To have a top tier, there has to be a bottom tier.  These types also make the rounds, albeit to a different class of investor.  They have some story crafted by their marketing team about their theme for this next round.  For a time, many of them pursued the DevOps category using the typically nonsensical Gartner forecasts and quadrants to deliver what an unsuspecting mind would consider “the truth.”  They got their round done.

So now our VC needs to invest.  They need to do it NOW.  They need to report back at the quarterly meeting they have invested in X firms, each has brought in a new CEO, probably a new VP of Sales who is likely their pal from a previous gig. 

The new CEO sits in the office, in the chair of the guy who just found out about his Sabbatical, and tells everyone how he chose this deal over all others.  Some actually believe him or her.

The VC then forces the company to put as much of the new invested round into pushing sales and marketing as fast as possible. 

At this point the company makes a life’s choice:  transaction or big story.

Sauce Labs was the big story leader.  Sauce Labs was the company who delivered cross browser testing at scale.  If you had big needs to make that Christmas Holiday season, delivering 100 or more web apps on phones with your specials, Sauce Labs delivered.

Sauce Labs was the only company it seemed to many, who delivered the big picture that even an executive could understand.  Deliver the perfect app, not the perfect test.

Then came the transaction mentality. 

Driven probably by boards looking for that liquidity event, many DevOps companies went into transaction mode.  Drive transactions!

To do so requires a typically mindless Sales VP who really lives in transaction-land.  And these DevOps companies always found one.

Every day became a grind for that $23,500 transaction from each of a score of salespeople. 

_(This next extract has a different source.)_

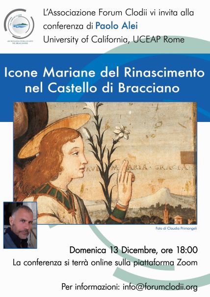 Per iniziativa dell’Associazione Forum Clodii domenica 13 dicembre alle 18 su Zoom al link https://us02web.zoom.us/j/87187881550… (meeting ID: 871 8788 1550, passcode: 658017) si tiene la conferenza online “Icone Mariane del Rinascimento nel Castello di Bracciano”.
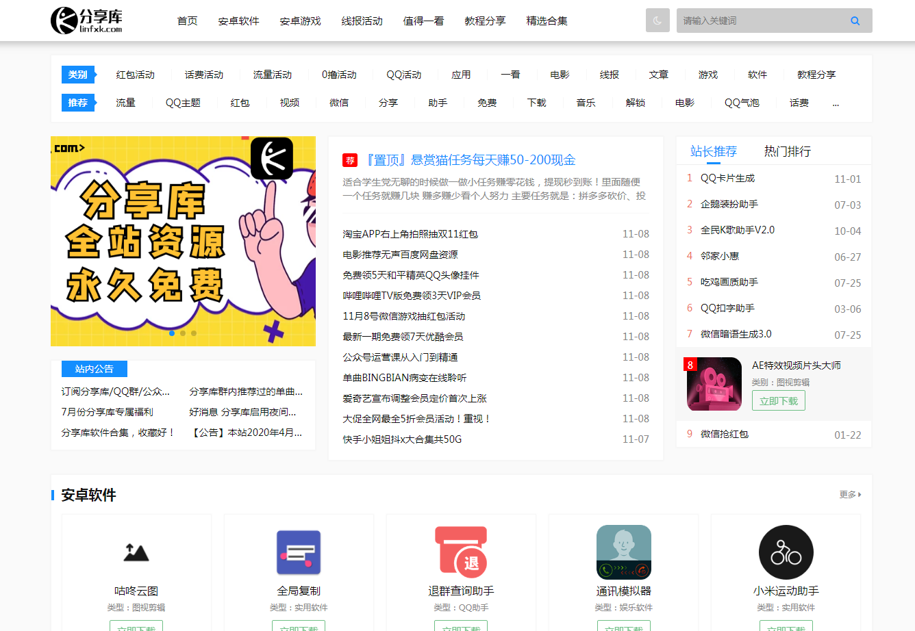 分享库 - 免费分享实用软件|资源|游戏|活动|教程|Lin&林哥|分享网

Salesforce.com meetings became endless torture events where every sales rep is beaten into submission about their “commit.”

The better talent departed as it had options.  The less talented accumulated as it always does.

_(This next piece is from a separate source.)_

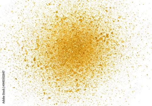 A golden splatter effect with a concentrated center and a fading spray on a white background art design
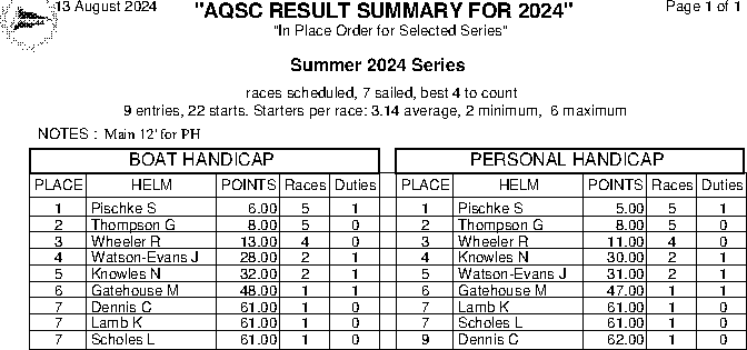 Steve Pischke has 1st place on PH (and BH) so wins the "Main 12ft National 12/Firefly Trophy"

Transaction Sales VPs or Chief Revenue Officers demanded sometimes daily forecasting sessions.  In one company, we witnessed forecasting events on a Friday afternoon followed by another on Monday morning.  You cannot make this stuff up.

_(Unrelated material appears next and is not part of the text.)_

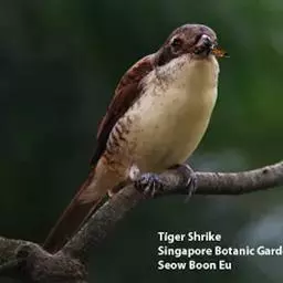虎纹伯劳:全长165毫米左右。雄性成鸟:额基、眼先和宽阔的贯眼纹黑色;前额、头顶至后颈蓝灰色;上体余部包括肩羽及翅上覆羽栗红褐色,杂以黑色波状横斑;飞羽暗褐色,外翻具棕褐色羽缘;尾羽棕褐色,具不明显的褐色横斑,外侧尾羽端缘棕白色;下体纯白色,两胁略沾蓝灰色;覆腿羽白杂以黑斑。雌性成鸟羽色与雄鸟相似,但前额基部黑色较小,眼先及过眼黑纹沾褐,头顶灰色及背羽的栗褐色均不如雄鸟鲜艳;胁部缀以黑褐色鳞状横斑。一般栖息于树林、分布自平原至丘陵、山地,喜栖于疏林边缘以及巢址选在带荆棘的灌木及洋槐等阔叶树。性格凶猛,常停栖在固定场所,寻觅和抓捕猎物。主要食物是昆虫,特别是蝗虫、蟋蟀、甲虫、臭虫、蝴蝶和飞蛾,也吃小鸟和蜥蜴。分布于亚洲多国,该物种的模式产地在印度尼西亚爪哇。

There are two rules for transaction DevOps software:

  1. If there are more than 3 players in your segment, you cannot achieve profitability with transactions, ever.
  • You cannot create a “big strategic story” with transactions thus you are not going to get bought except for scrap.

Sauce Labs, some felt, lost its way in transaction-land.  Profitability is elusive in such a place for any DevOps company.  This requires new financing rounds making a wet exit more difficult.

Sauce Labs is by no means imploding.  Hopefully it is simply expelling that toxicity of the transaction mentality that often costs a CEO his or her job.

Sauce Labs has the chance to get back to that big story that fits it so well. 

We were in a meeting at a major telco in Dallas recently.  A senior IT officer was complaining about recurring web site issues.  We told him he might want to personally investigate their cross-browser testing.  Our short discussion was that some firms, like Sauce Labs, delivered “perfect customer experiences” every time.

We warned him that their web site would talk about “testing at the speed of awesome!” 

While we did not really know how fast that was, it was more of a brain-dead marketing slogan he should just ignore. 

Rather, talk to his sales rep about the perfect customer experience, every time.  That is what he cared about and what he will hopefully pursue.  And if he calls Sauce Labs, that is what he is likely to get.

So no, Bill, Sauce Labs in not imploding. 

They are cleaning out the transaction mindset that stood in their way and hopefully cleaning out marketing next. 

They need to shed the brain dead at the speed of awesome and embrace the delivering the perfect customer experience.

It appears they are moving in that direction.